Struct initializers as expressions

Marc Schütz via Digitalmars-d-learn digitalmars-d-learn at puremagic.com
Fri Dec 4 07:08:24 PST 2015


On Friday, 4 December 2015 at 14:07:01 UTC, Jacob Carlborg wrote:
> On 2015-12-04 11:42, Marc Schütz wrote:
>
>> I'd support that, too.
>>
>> I suggest to make the struct name optional:
>>
>>      struct S { int a, b; }
>>      struct T { string a, b; }
>>      void foo(S s);
>>      void foo(T t);
>>
>>      foo({b: 1, a: 2});  // foo(S(2, 1));
>>      foo({a: "bla"});    // foo(T("bla", null));
>>
>> Then we can add some syntax sugar to leave out the braces, too:
>>
>>      void bar(int a, T t)
>>      bar(42, a: "bla", b: "xyz");
>>
>> This effectively gives us strongly typed named arguments, 
>> without making
>> the names part of the function signature, which Walter 
>> objected to the
>> last time something like this was proposed.
>
> I've been thinking along the same lines as well and would 
> really like to see that feature. Wondering if it could work 
> with opDispatch as well to swallow unrecognized fields.
>
> But I do see a problem, which I'm guessing Walter would point 
> out as well. It might/will complicate the overloading rules. 
> What if "a" and "b" in T would be integers instead.
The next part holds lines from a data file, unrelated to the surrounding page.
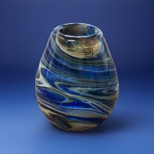 Jarrón azul Mtarfa Art Glass 1989 forma inusual
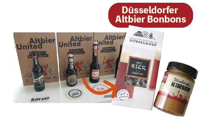 デュッセルドルフの誇るアルトビアがキャンディーに。アルトビアはほかにも、マスタード、スプレッド、などにも使われていることも。アルトビア味のセットをおみやげにしても面白い。
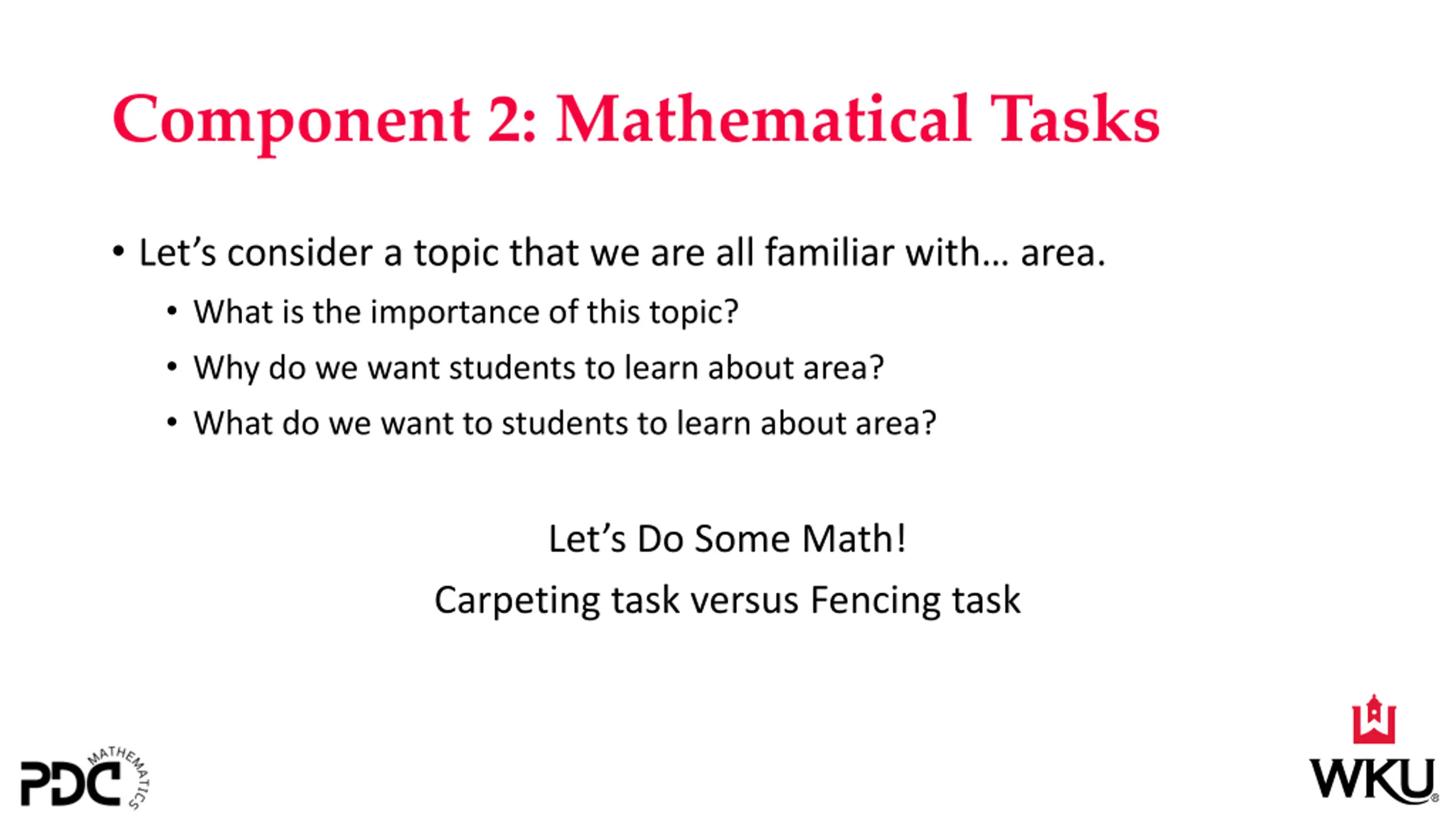 Component 2: Mathematical Tasks Let s consider a topic that we are all familiar with area. What is the importance of this topic? Why do we want students to learn about area? What do we want to students to learn about area? Let s Do Some Math! Carpeting task versus Fencing task

I think 
> that would be ambiguous.

Right, this would need to be rejected. When the compiler sees 
such syntax, it would need to get a list of struct types allowed 
in the current position, and try to construct each of them with 
the given arguments. If there isn't exactly one match, it is 
rejected. This way, there is no change to the overloading rules 
themselves, it's just a rule to determine the type of the {key: 
value, ...} expression. After that, overloading works as usual.